Maryam Rajaviwelcomed the resolution and said, “In the case of a regime which has totally ignored dozens of UN resolutions against the unabated violations of human rights in Iran and its highest officials publicly boast of massacring political prisoners, the international community must adopt binding measures to stop the regime’s crimes. All diplomatic and commercial relations with the mullahs’ theocratic regime directly serve the interests of Khamenei’s Revolutionary Guard Corps (IRGC), and must be conditioned on an end to torture and executions in Iran and a halt to the regime’s destructive meddling in the region.
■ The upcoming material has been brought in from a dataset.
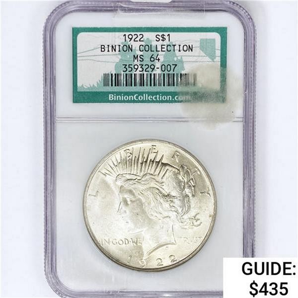 1922 Silver Peace Dollar NGC MS64 Binion Collect.8024e - 1922 Silver Peace Dollar NGC MS64 Binion Collect.

In the absence of a firm policy, flagrant violations of human rights in Iran and export of terrorism, fundamentalism and belligerence to the region and the world will continue.”
Referring to the resolution’s call on the Iranian regime “to launch a comprehensive accountability process in response to all cases of serious human rights violations, including those involving the Iranian judiciary and security agencies, and… to end impunity for such violations,” Mrs. Rajavi stressed, “The most significant example of serious human rights violations in Iran is the massacre of political prisoners in 1988 in which all the clerical regime’s officials specifically Ali Khamenei as well as the mullahs’ judiciary and the highest officials in charge of security and intelligence agencies were involved and complicit. They defend it but have so far remained immune from prosecution. Therefore, the international community faces a great test in investigating this great crime against humanity and prosecuting its perpetrators.”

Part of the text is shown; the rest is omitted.